Your answer must be an exact copy of the data below, minus any pictures.
-- Data segment follows --
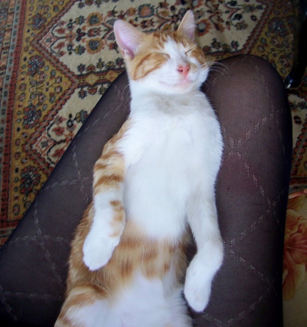 "This cat really loves his belly rubs. Rub the lower belly and you can get him to stretch his feet, rub the top belly and he will stretch out his arms. If you even pretend to rub his belly, he will just roll over and lie there."
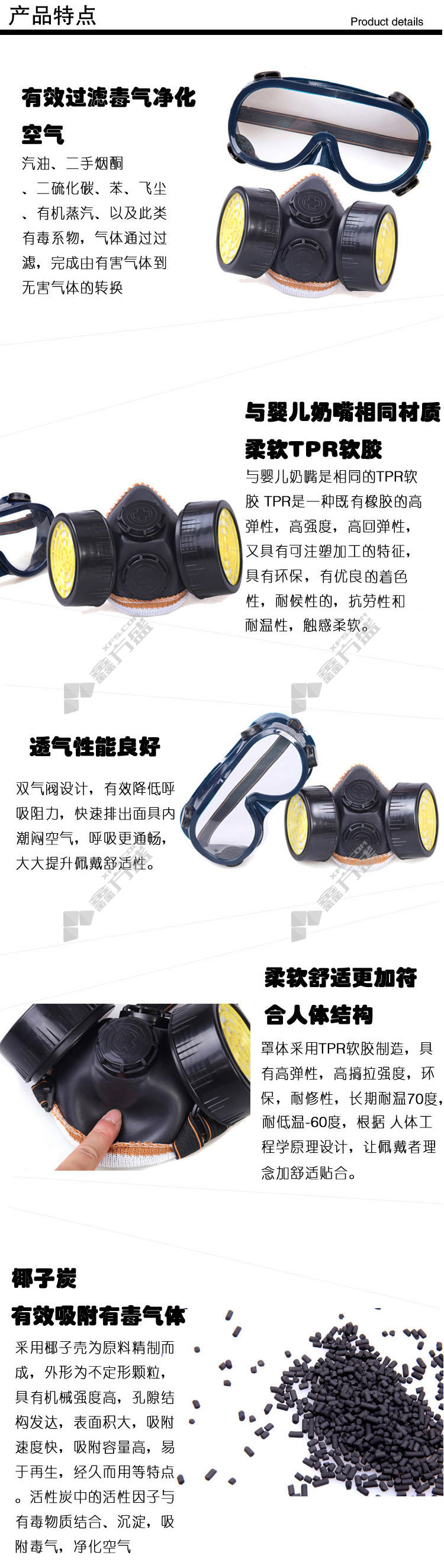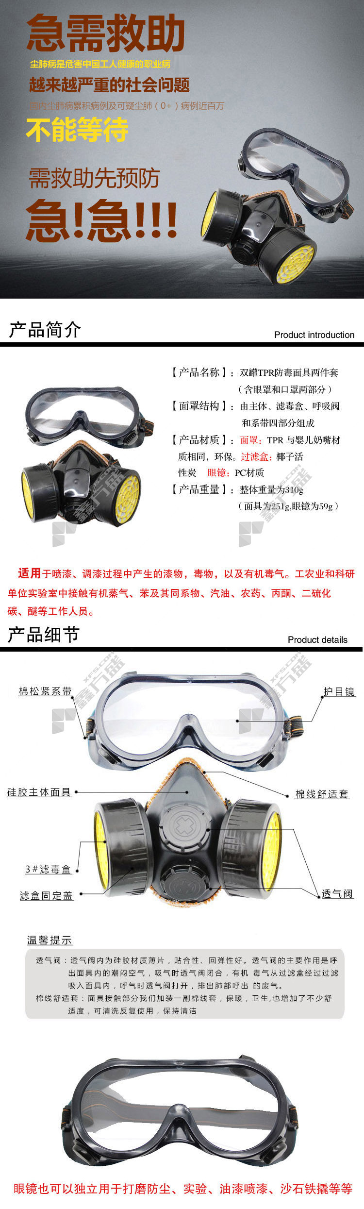 moufu protective glasses, double tank, double valve, activated carbon gas mask, two-piece set, one size fits all, no specifications
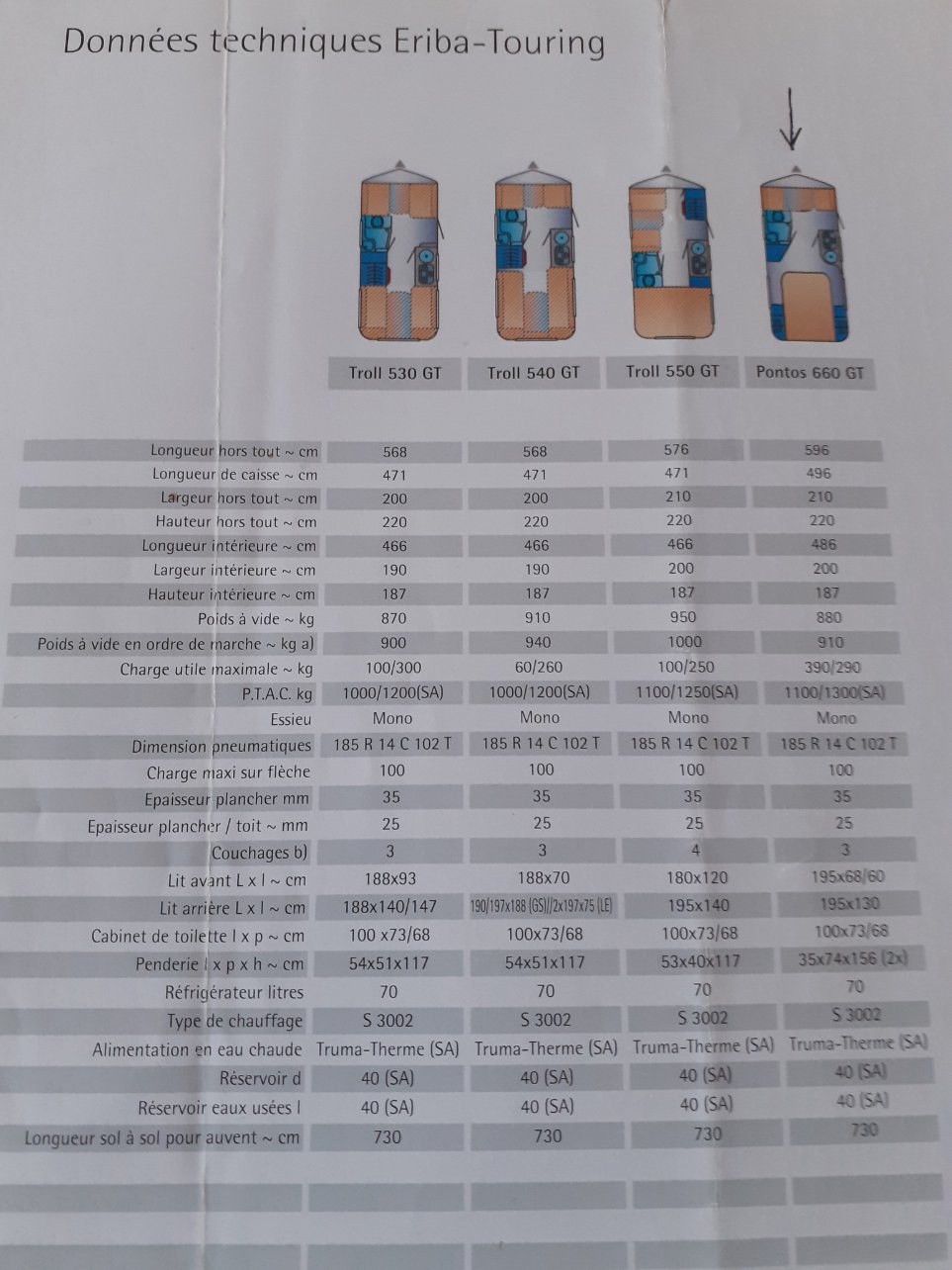 Tu as un autre modèle de Troll, la FEY (forever young) apparue en 2008 2.10m de large et 2.25m de haut. Le modèle décrit dans ton tableau a été construit jusqu'au printemps 2010 conjointement avec la Troll Fey (cessation d'activité à Cernay). L'Allemagne ayant pris la suite de fabrication de nos coquilles et uniquement pour les modèles "FEY"
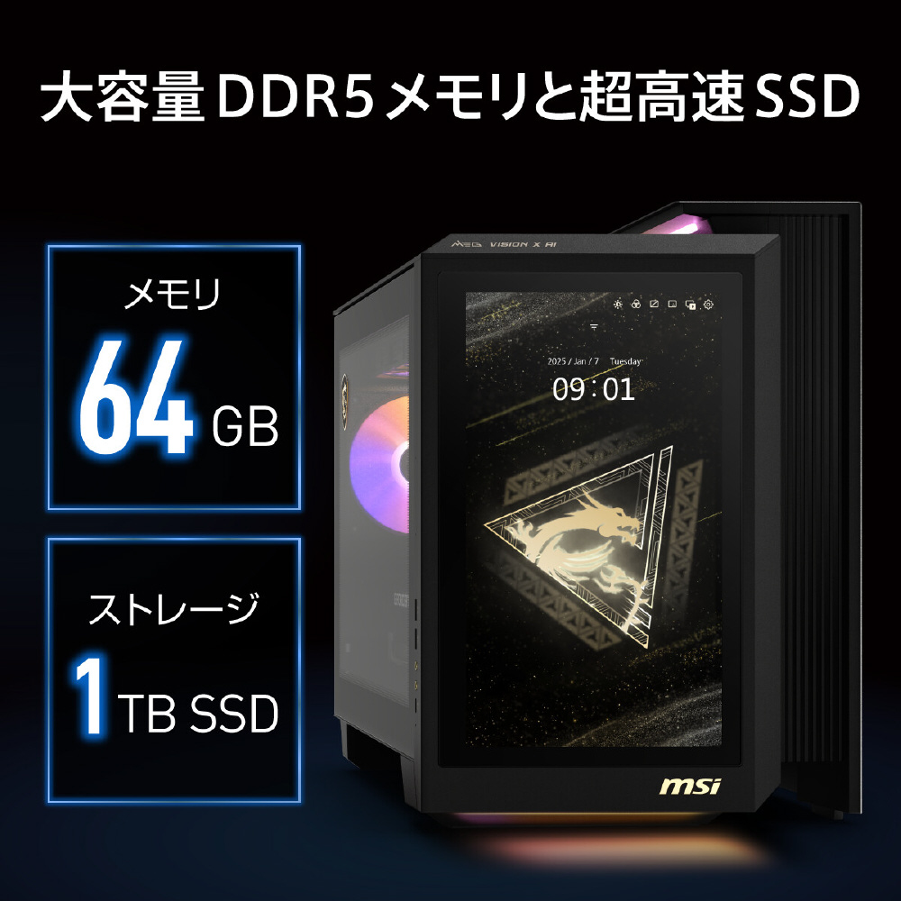 MEG Vision X AI 2NVV7-281JP ゲーミングデスクトップパソコン (RTX 5080) [モニター無し /Windows11 Pro /intel Core Ultra 7 /メモリ:64GB /SSD:1TB /無し /2026年2月モデル]
-- Data segment concluded --
Result:
 "This cat really loves his belly rubs. Rub the lower belly and you can get him to stretch his feet, rub the top belly and he will stretch out his arms. If you even pretend to rub his belly, he will just roll over and lie there."
 moufu protective glasses, double tank, double valve, activated carbon gas mask, two-piece set, one size fits all, no specifications
 Tu as un autre modèle de Troll, la FEY (forever young) apparue en 2008 2.10m de large et 2.25m de haut. Le modèle décrit dans ton tableau a été construit jusqu'au printemps 2010 conjointement avec la Troll Fey (cessation d'activité à Cernay). L'Allemagne ayant pris la suite de fabrication de nos coquilles et uniquement pour les modèles "FEY"
 MEG Vision X AI 2NVV7-281JP ゲーミングデスクトップパソコン (RTX 5080) [モニター無し /Windows11 Pro /intel Core Ultra 7 /メモリ:64GB /SSD:1TB /無し /2026年2月モデル]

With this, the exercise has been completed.